Suicidal Behaviour in Children and Adolescents. Part 2: Treatment and Prevention

By Steele, Margaret M.; Doey, Tamison | Canadian Journal of Psychiatry, June 2007 | Go to article overview

Suicidal Behaviour in Children and Adolescents. Part 2: Treatment and Prevention


Steele, Margaret M., Doey, Tamison, Canadian Journal of Psychiatry


ABSTRACT

Objective: To systematically review the treatment of suicidal behaviour in children and adolescents.

Method: After discussing the principles of treatment, we review the literature regarding adequate assessment, hospital-based services and their alternatives, and follow-up.

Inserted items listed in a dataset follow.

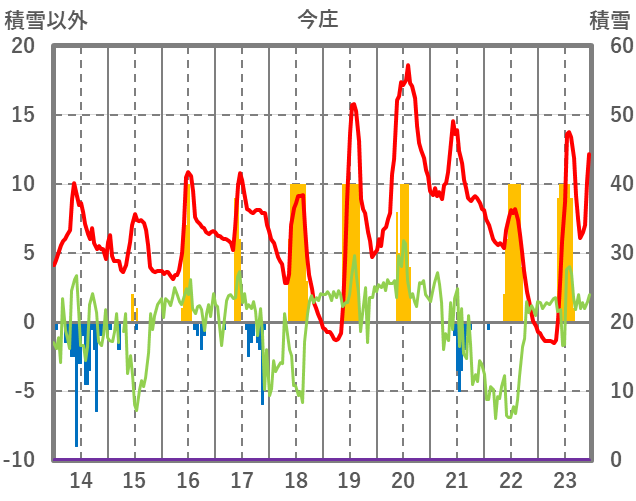 | 日 | 時 | 気温 | 降水 | 風向/風速 | 日照 | 積雪 | 降雪 |
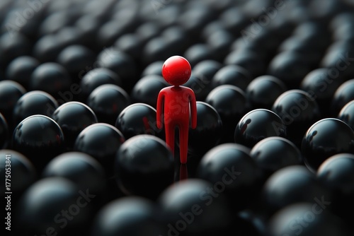 Red glossy human figure standing out among numerous glossy black spheres representing uniqueness and individuality
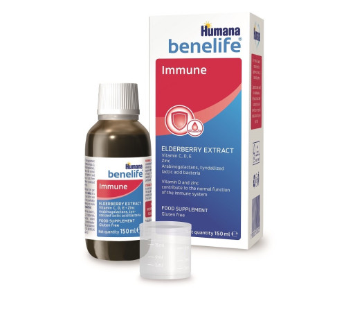 Бенелайф Імуно - за рахунок поєднання чорної бузини (Sambucus nigra L.), вітамінів C, D, E, цинку та арабіногалактанів з модрини ефективно підвищує фізіологічний захист організму та зміцнює імунну систему. Можна використовувати дітям з 12 місяців, старшим дітям та дорослим.Діючі речовини
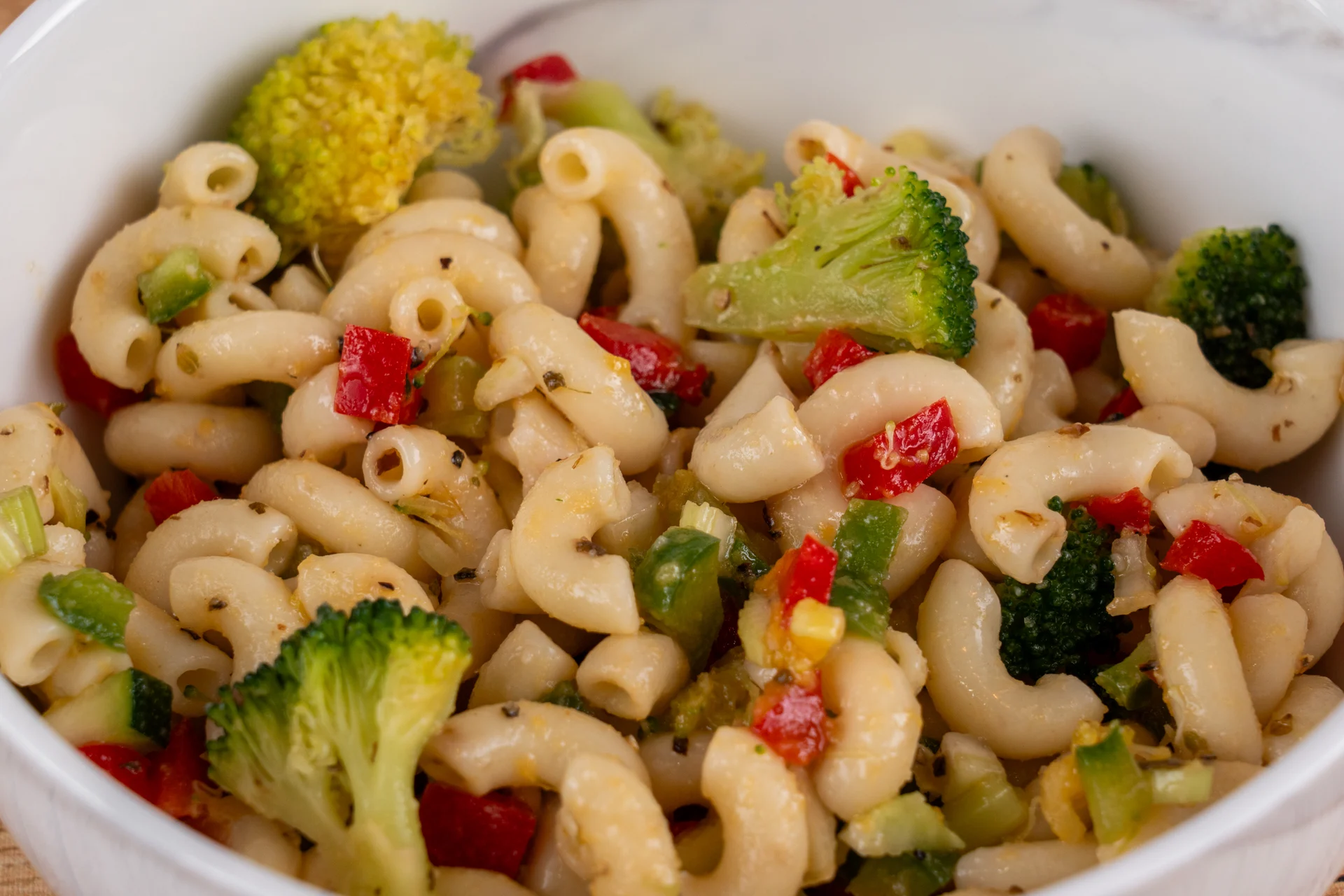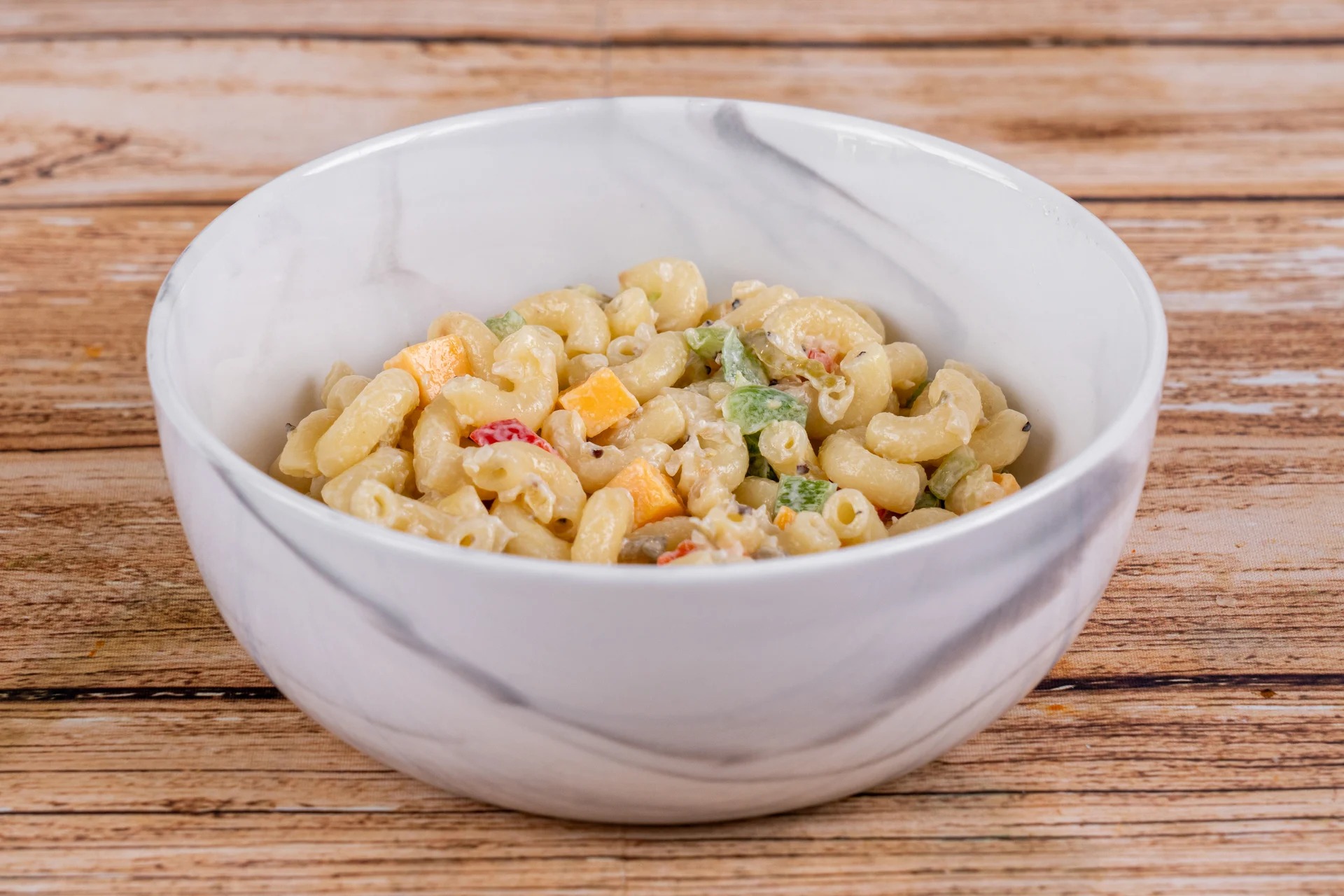 Macaroni tossed in a creamy dressing with cheddar, bell peppers, and crisp veggies
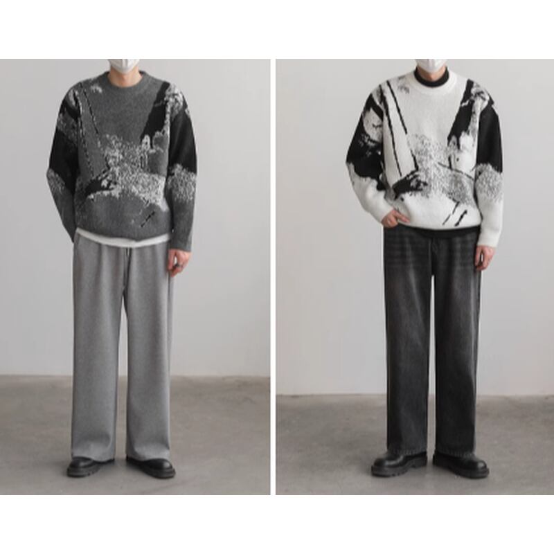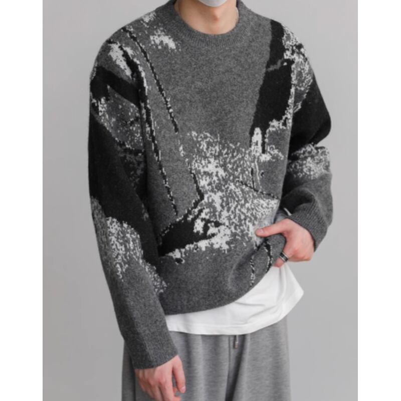 印象的な抽象柄が特徴のニットセーター。クルーネックのシンプルなデザインに、目を惹くパターンが織り込まれ、着るだけで洗練されたスタイリングを完成させます。ロングスリーブで保温性も高く、秋冬のコーディネートに最適です。カジュアルなパンツスタイルにも、スカートスタイルにも合わせやすく、着回し力抜群の一枚です。
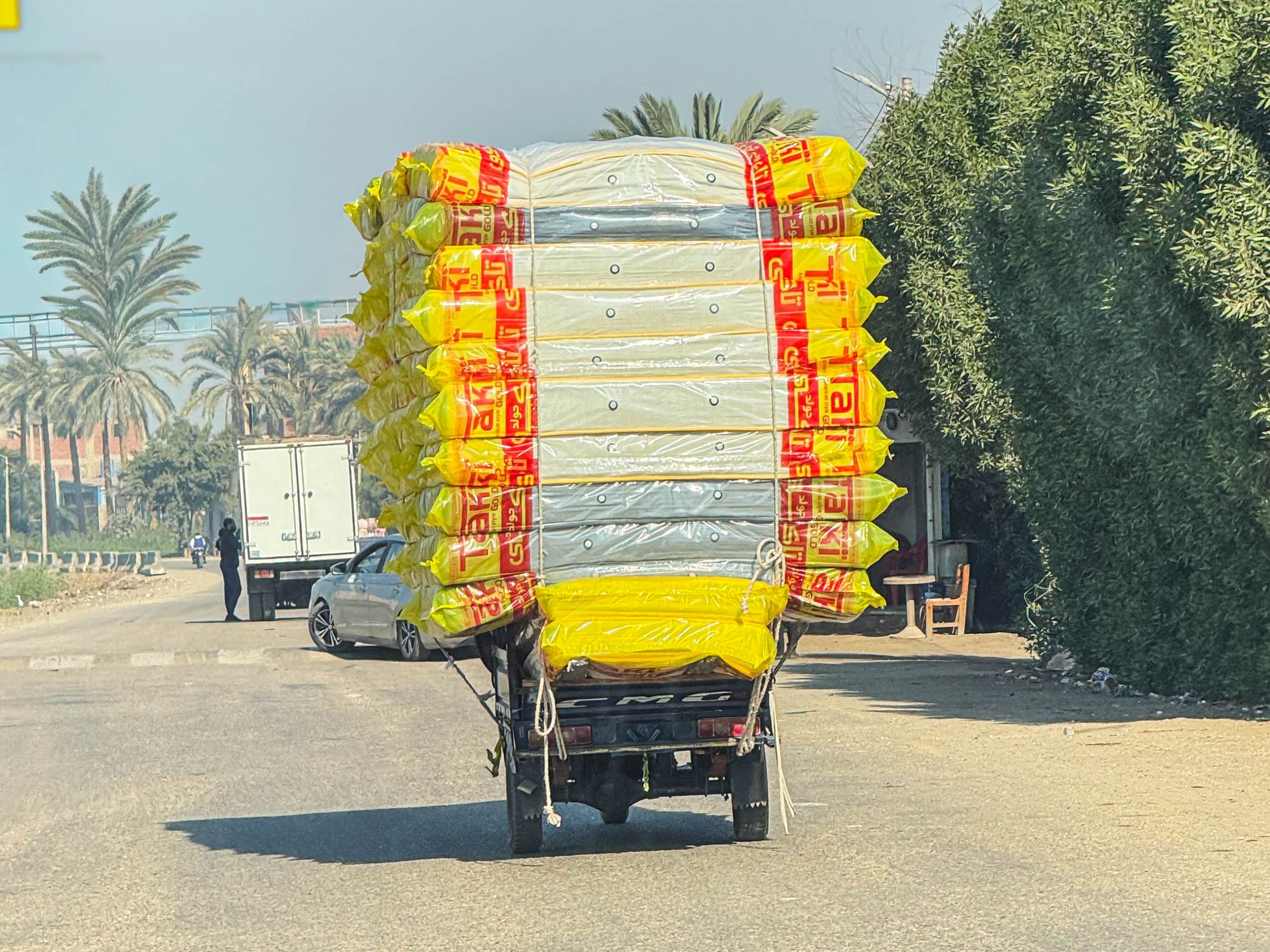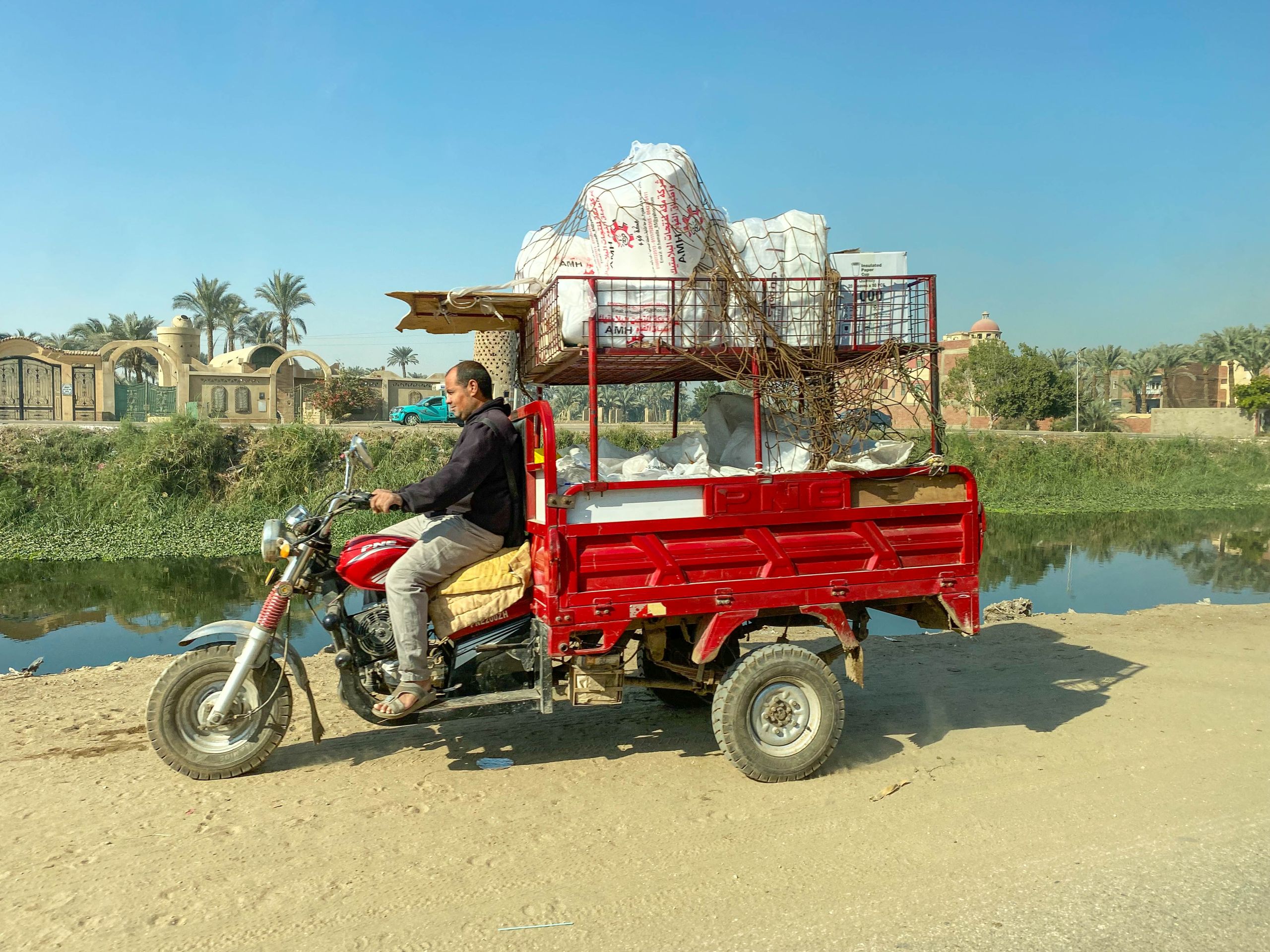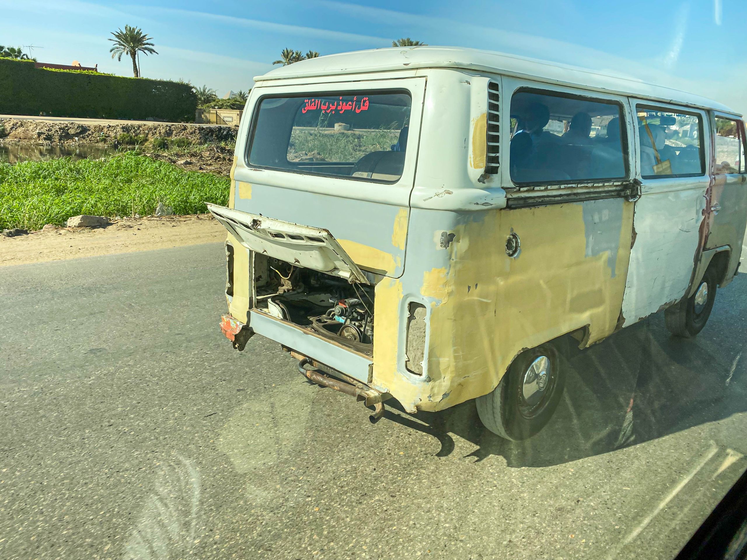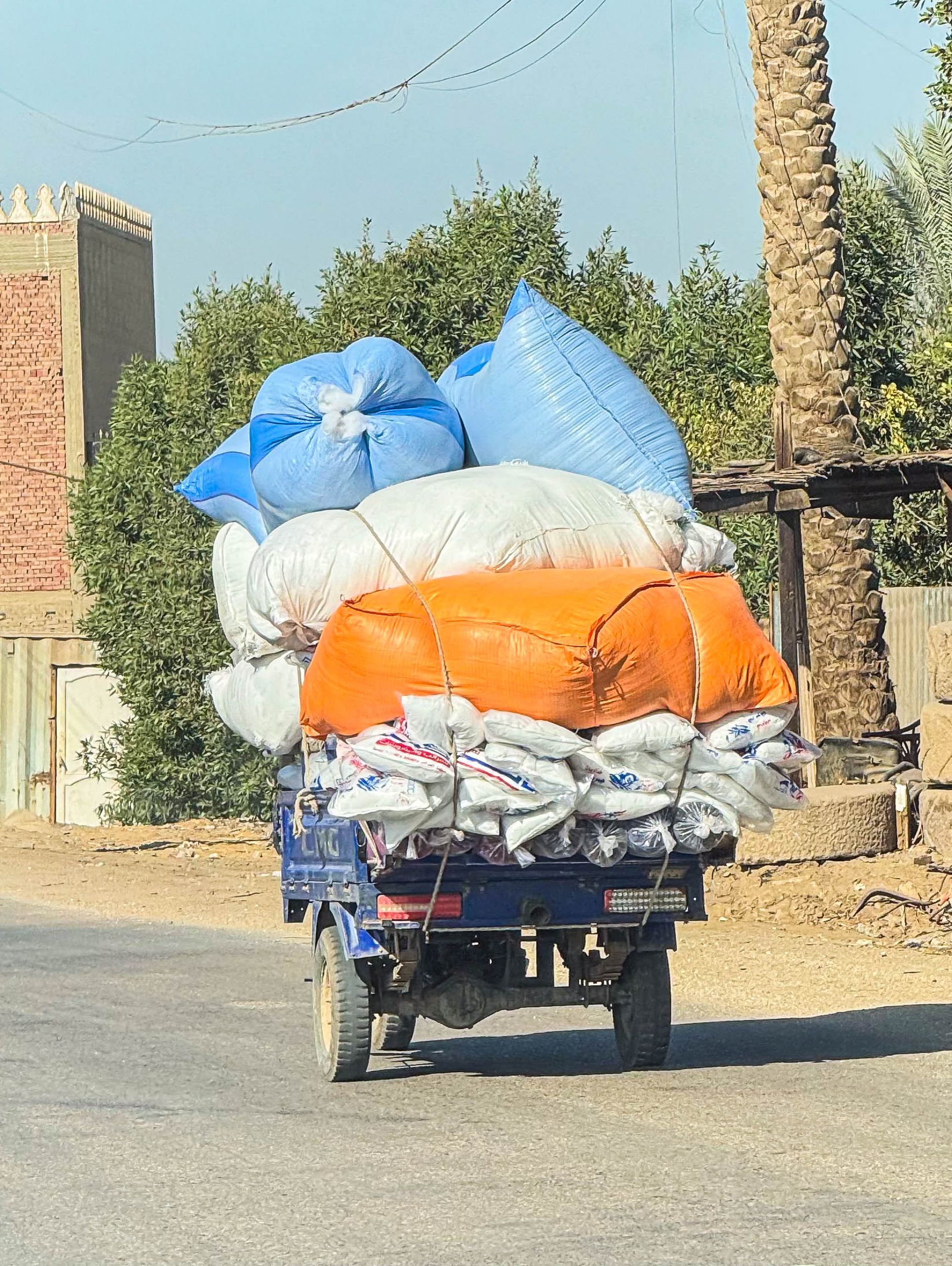 Wir fahren wieder durch die Stadt Mit Rahina Richtung Kairo. Die Busfahrten mit dem Reiseveranstalter machen immer besonders viel Spass, da man auf der Strasse die tollsten Dinge entdeckt. 95 Prozent aller Autos sind mindestens zerbeult, wenn nicht sogar durchgerostet, mit Personen vollgestopft und vieles mehr. Mopeds voll beladen, Helm tragen ist eher die Ausnahme. Wir sollten uns im Bus auch nicht anschnallen. TÜV gibts auch nicht. Unser Reiseleiter Ali erzählt uns auch sehr viel über Land und Leuten, was die Tour wirklich zu einem Erlebnis macht.
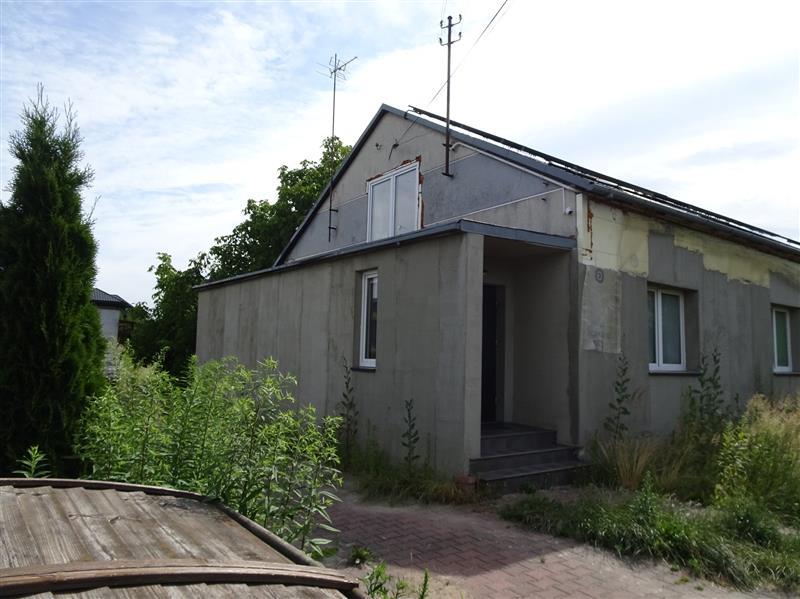 Nieruchomość zabudowana jest wolnostojącym, jednokondygnacyjnym budynkiem mieszkalnym, ze strychem użytkowym, przy czym część parteru stanowią pomieszczenia gospodarcze i garażowe. Budynek o pow. zabudowy 111,00 m2 6, kubaturze ok. 550 m3 7 i pow. użytkowej 80,00 m28, został wybudowany na przełomie lat sześćdziesiątych i siedemdziesiątych ubiegłego wieku. Budynek murowany, jednokondygnacyjny ze strychem użytkowym, pozwalającym na jego adaptację na cele mieszkaniowe. Stropy budynku betonowe, wylewane na mokro. Dach drewniany, dwuspadowy, remontowany, pokryty blachą i wymienionym częściowo orynnowaniem. Na dachu zainstalowano panele fotowoltaiczne. Elewację budynku w części ocieplono styropianem, który nie został oblicowany tynkiem. Części ulega on utlenieniu. Stolarka okienna z pcv po wymianie. Drzwi zewnętrzne po wymianie, o konstrukcji metalowej z wykończeniem drewnianym.
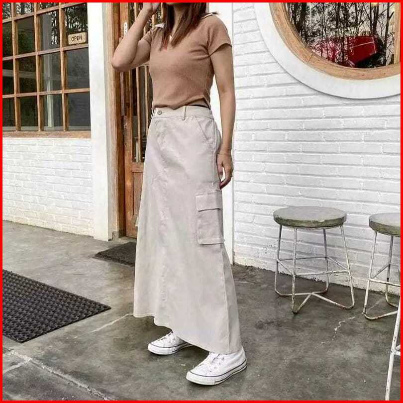 Rok Cargo Wanita Panjang Terbaru Rok Korean Style Kekinian Rok Cargo Wanita Jumbo
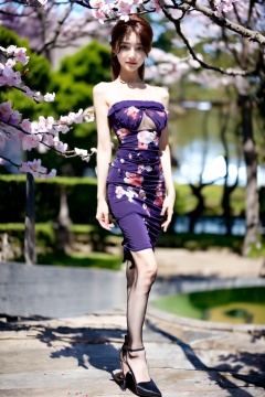 ((Masterpiece, best quality),1girl,solo,super detailed,8k,realistic,sharp focus,very detailed,professional lighting,spotlight,colorful details,detailed texture,(purple dress:1.5),(most suitable hairstyle:1.4),(most helpful posture:1.3),(full body photo:1.4),Full breasts,perfect style,body,18 year old,smile,transparent,(background is Suzhou gardens:1.5),(Under the peach blossom tree),dynamic pose, ((poakl)),
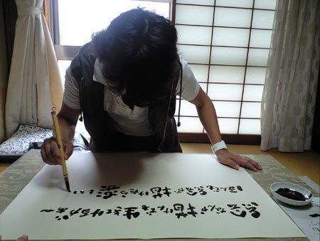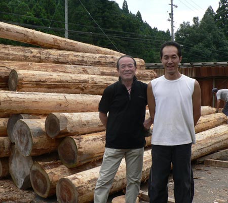 それでは、まず準備段階から見ていただきましょう! 展示用の材木でお世話になった、伊藤さん 書でお世話になった、渥美さんです。 |
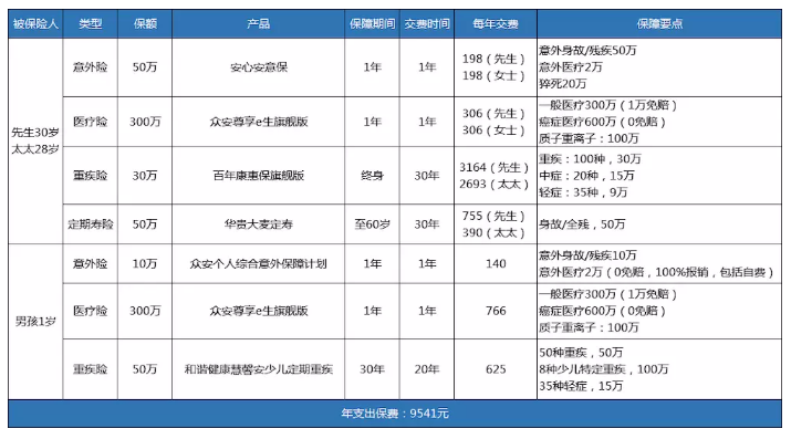 當然以上的保險方案僅供大家參考,我們需要知道的是每個家庭的需求和實際情況都是不一樣的,要多方面的考慮到家庭的各個因素,這個是我們需要注意的,適合自己的才是最好的。

Results: Treatment modalities (including psychotherapy) and preventive strategies (including school-based interventions, gatekeeper and primary practitioner training, and treatment of psychiatric disorders) are considered in the light of existing evidence.

Conclusions: The assessment of youth at risk for suicide should include attention to well-established risk factors, but prediction of risk remains difficult. Treatment of suicidal children and adolescents should be evidence-based and may include psychotherapy and psychopharmacology. Effective methods of prevention are emerging, but more research is needed.

RÉSUMÉ

Objectif : Mener une revue systématique du traitement du comportement suicidaire chez les enfants et les adolescents.

Méthode : Après un examen des principes du traitement, nous passons en revue la documentation concernant l'évaluation adéquate, les services en milieu hospitalier et les solutions de rechange, et le suivi.

Résultats : Les modes de traitement (y compris la psychothérapie) et les stratégies préventives (dont les interventions en milieu scolaire, la formation d'observateurs et de médecins des soins primaires, et le traitement des troubles psychiatriques) sont considérés à la lumière des données probantes existantes.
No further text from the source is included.